En conséquence des remarques précédentes, nous considérons que les compétences sont des systèmes de connaissances ou de savoirs25 organisés en fonction des finalités d'actions réalisées et des caractéristiques des environnements de travail occupés. Le terme de système est utilisé ici pour rendre compte de la diversité de connaissances qui peuvent être liées ou combinées entre elles dans une logique d'action (Hatchuel et Weil, 1992).

  • Elles portent sur des ensembles socio-techniques plus ou moins importants, allant d'un objet ou d'un acteur isolé, à des bouts de réseaux beaucoup plus vastes. Elles portent sur l'état de ces configurations (localisation, disponibilité, fiabilité, compatibilité, des différents éléments des réseaux) tout en constituant des ressources qui permettent à l'acteur d'agir au sein de ces ensembles socio-techniques.

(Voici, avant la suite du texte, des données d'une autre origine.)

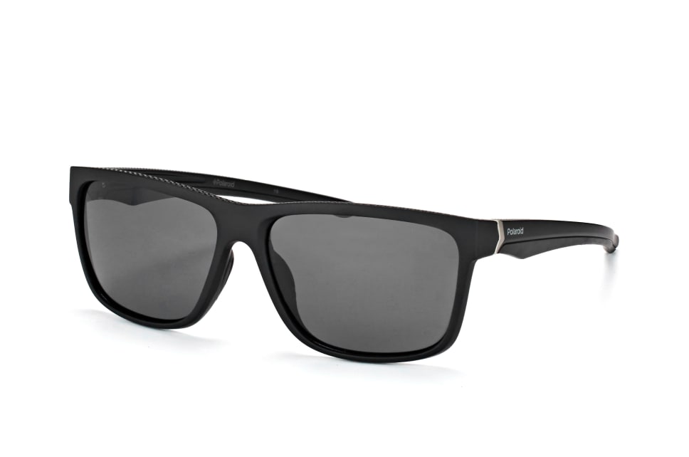 Polaroid PLD 7014/S 807 M9, Quadratische Sonnenbrille Herren. Farbe: Schwarz, Größe: Medium, Rahmentyp: FULLFRAME, Brillenbreite: 141mm, Glashöhe: 44mm, Material: Kunststoff. Stegbreite: 15mm. Glasfarbe: Polglas Grau. Mit UV400-Filter. Hersteller: Safilo GmbH. Style: SPORTIVE
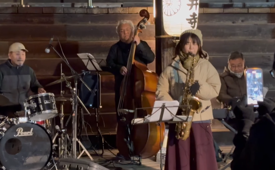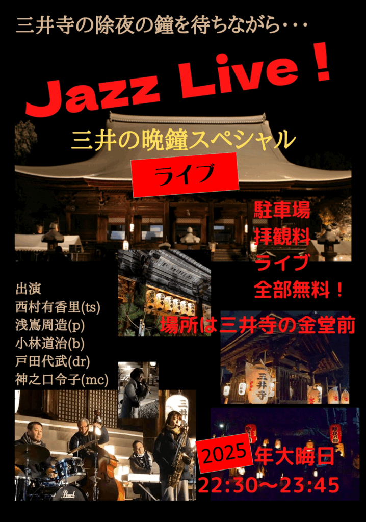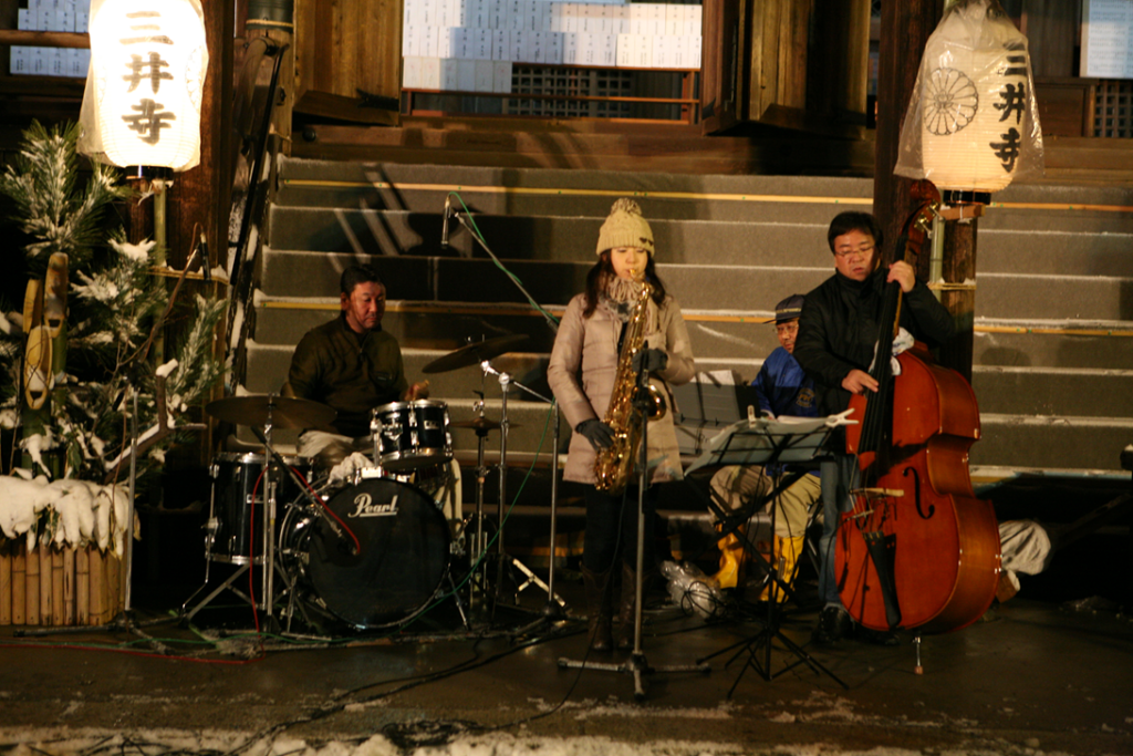 お陰様で、今年も三井寺の金堂の前で演奏して一年を締めくくることが出来ました。
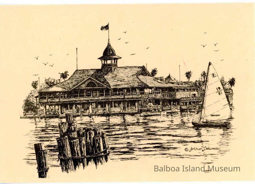 A thin postcard of a sketch of the Balboa Pavilion done in thin ink lines by Arthur Patureau. Done from a jetty or boat on the water with a mooring post of some kind to the left of the artist.
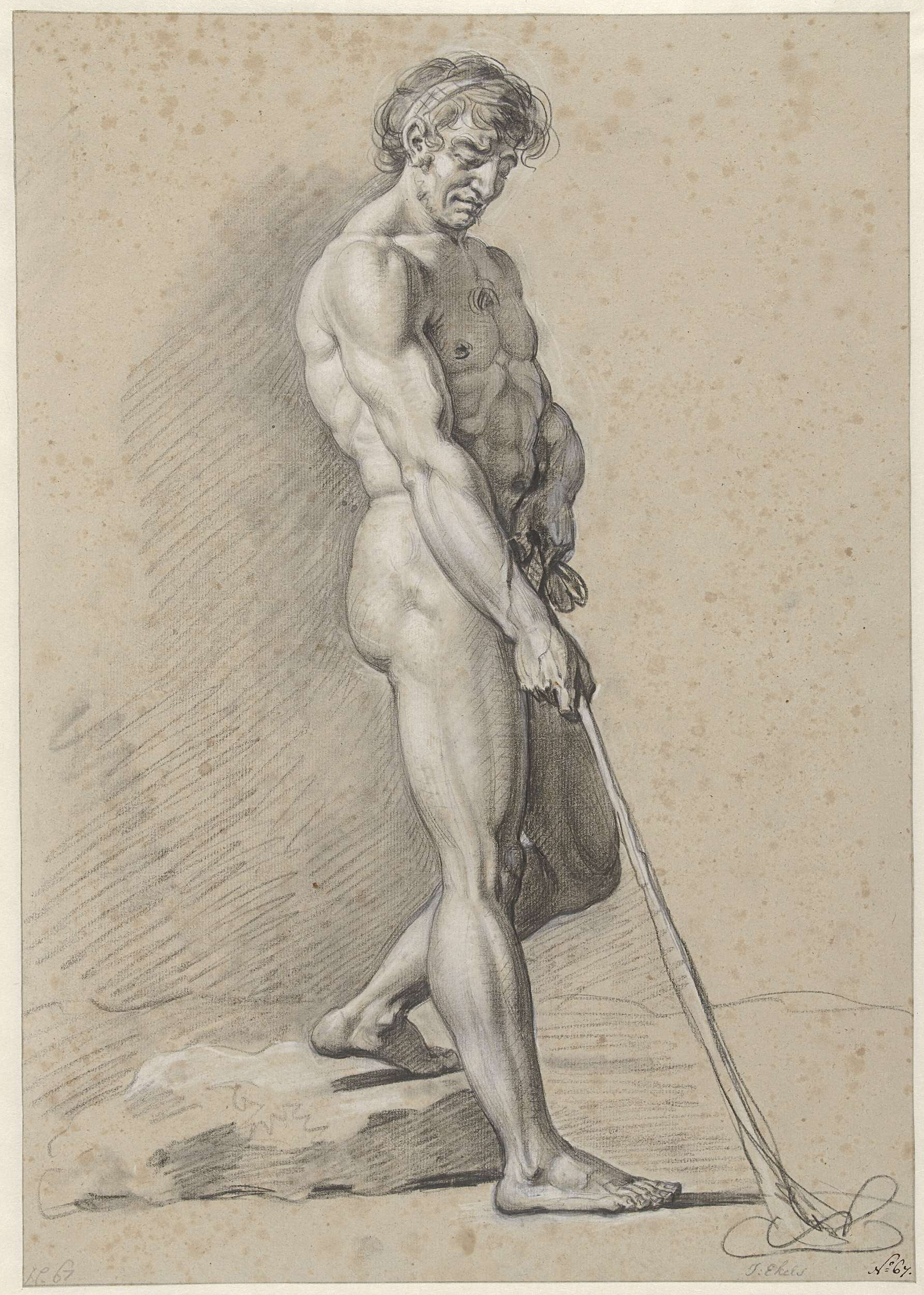 Staand mannelijk naakt met kolfstok. Nr. 67.
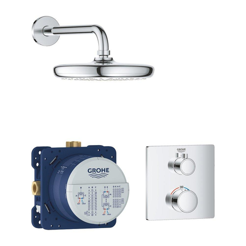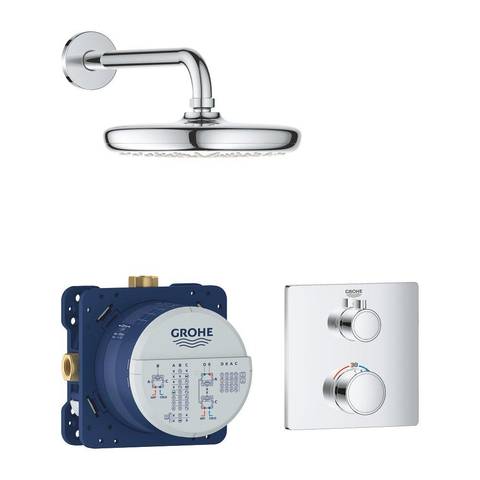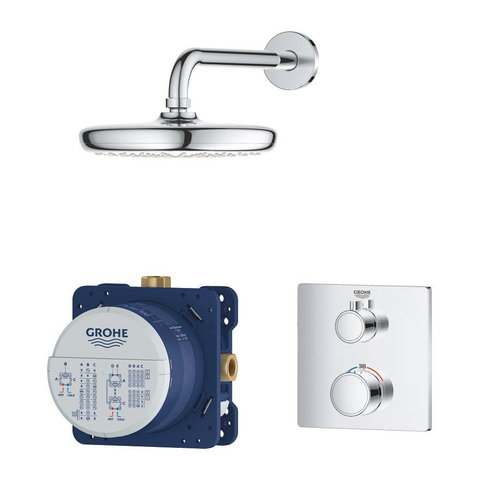 GROHE Grohtherm Perfect Regendoucheset - hoofdddouche 21cm - 1 functies - rechthoekig afbouwdeel - chroom
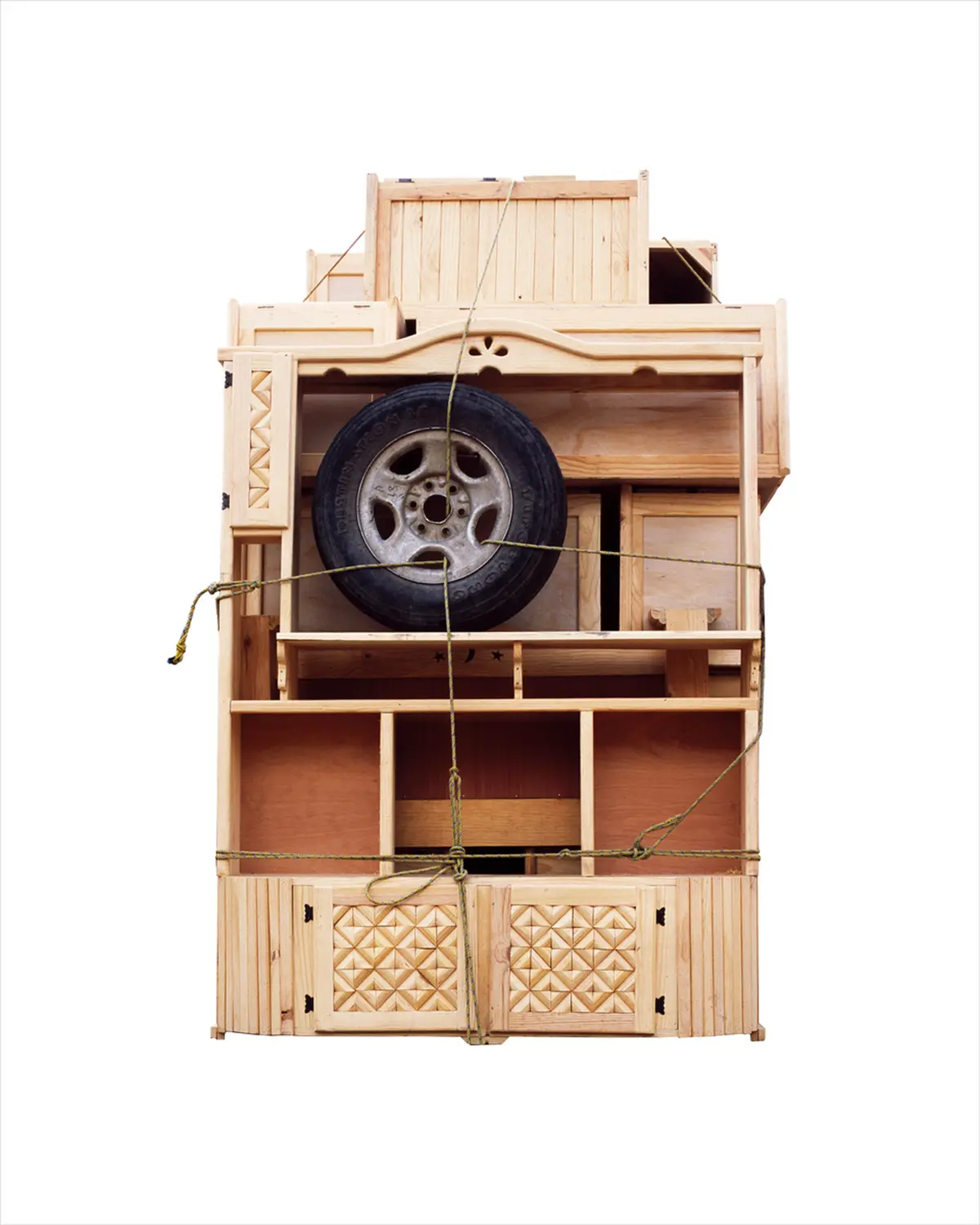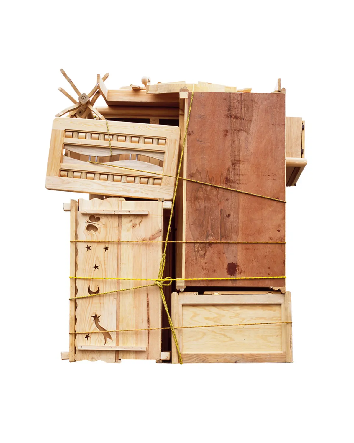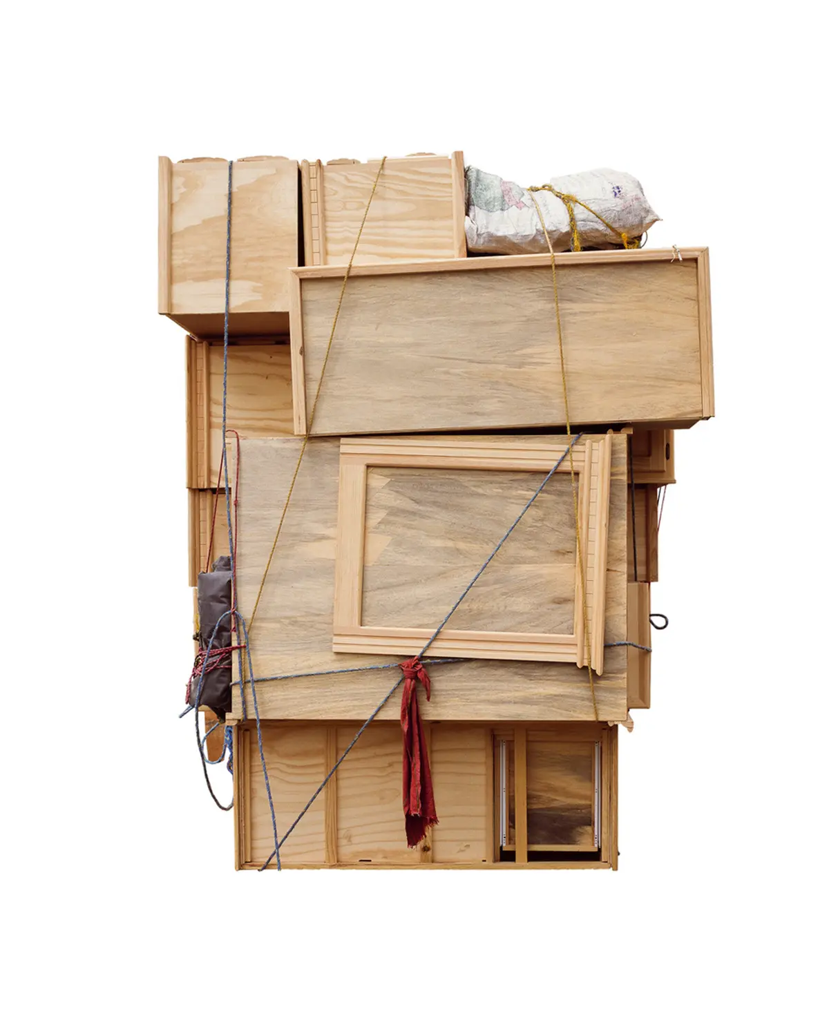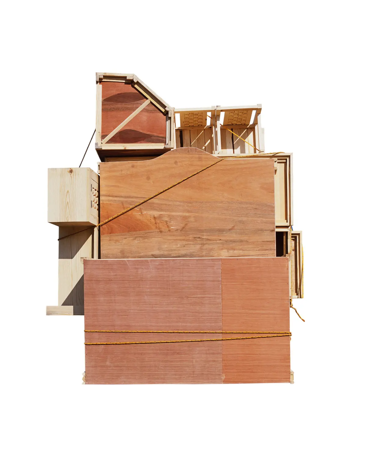Ensamble significa ensamblar o juntar componentes separados. La serie entrelaza fotografías tomadas en un mercado de muebles en las afueras de la Ciudad de México. El punto de partida de la obra es una tipología de fotografías de la parte trasera de camiones llenos de muebles. Cada uno similar, pero sutilmente diferente del otro. Utilizando los muebles de este mercado, procedí a cortar y ensamblar las piezas para crear una serie de esculturas que fotografié en mi estudio. Estas esculturas se utilizan posteriormente para hacer los cianotipos, creando un ciclo infinito entre escultura y fotografía, imagen y objeto. El título hace referencia al proceso de desmontaje y montaje que implica la creación de los muebles y las obras escultóricas, así como de los fotogramas de cianotipo.
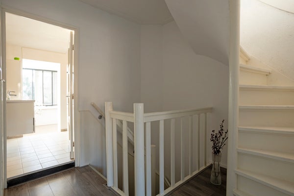 Bij binnenkomst valt meteen de vele en prettige lichtinval op. De woonkamer vormt het hart van het huis: een uitnodigende plek waar je heerlijk kunt ontspannen, dineren met vrienden of kunt genieten van een rustige avond. De open verbinding met de keuken zorgt voor een ruimtelijk gevoel en maakt het huis ideaal voor wie graag kookt en tegelijkertijd ook betrokken wil blijven bij het gezelschap in de kamer. De keuken zelf is nog origineel en is aan de achterzijde uitgebouwd. De keuken heeft hierdoor extra veel lichtinval verkregen. Mogelijkheid tot verdere uitbreiding van deze keuken.
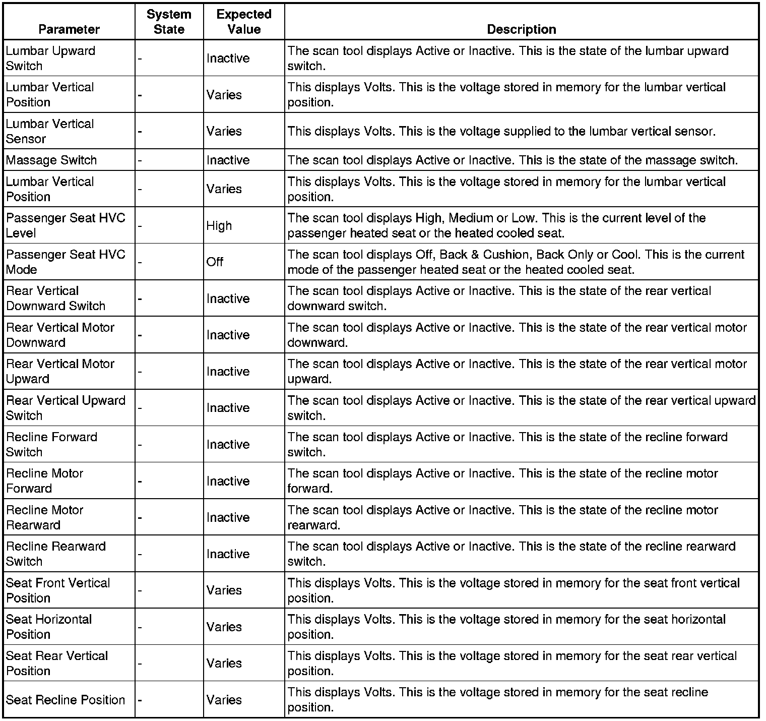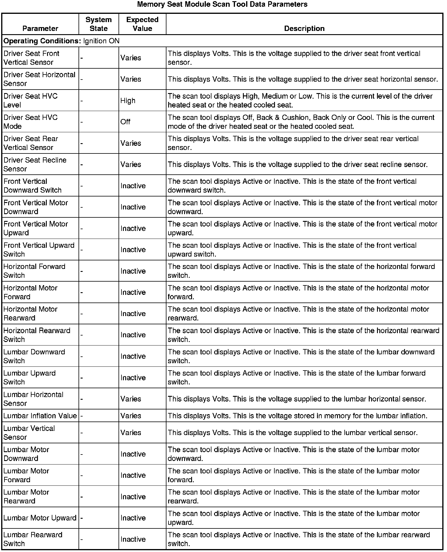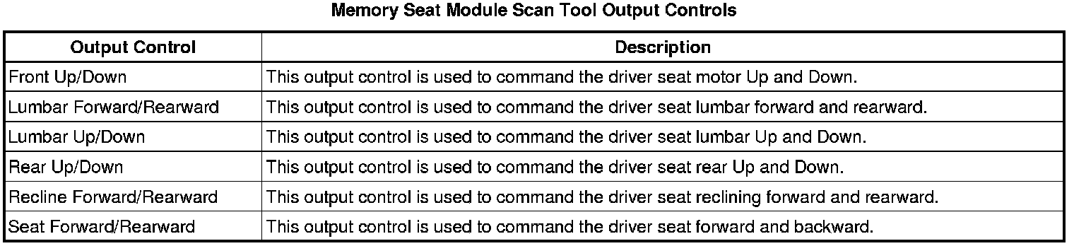 Driver Seat Adjuster Memory Module Scan Tool Information
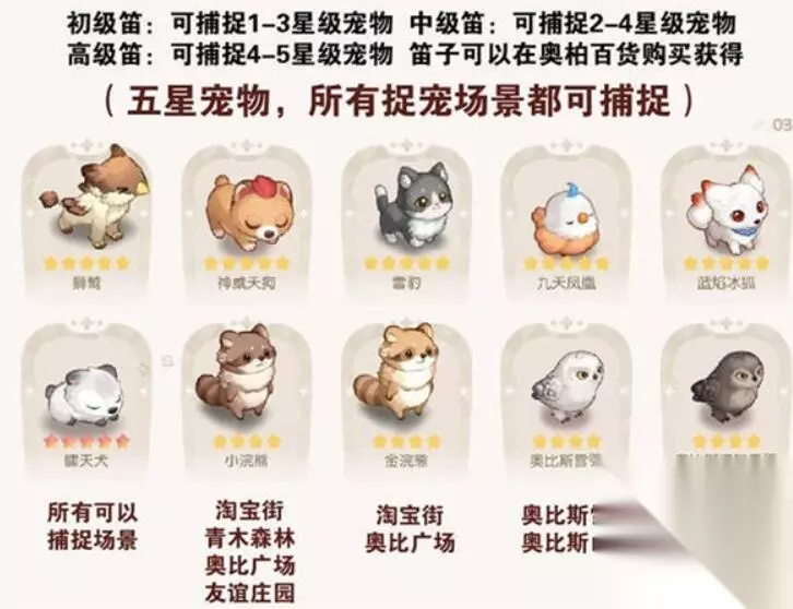 5、五星宠物 狮鹫、神威天狗、浣熊、哮天狗、金浣熊、九天凤凰、蓝焰冰狐、雷豹、雪虎

  • Elles incluent en proportions variables selon les situations, des aspects logiques et normatifs, des concepts scientifiques et de sens commun, des automatismes et des règles routinières, qui peuvent tous contribuer de manière importante à l'interprétation et à l'action au sein des environnements de travail.

Notes
25.

Contrairement à d'autres auteurs en didactique (voir Chevallard (1992) par exemple), nous ne faisons pas de différences entre savoir et connaissance. Tout au long de ce travail, nous utiliserons indifféremment ces deux termes.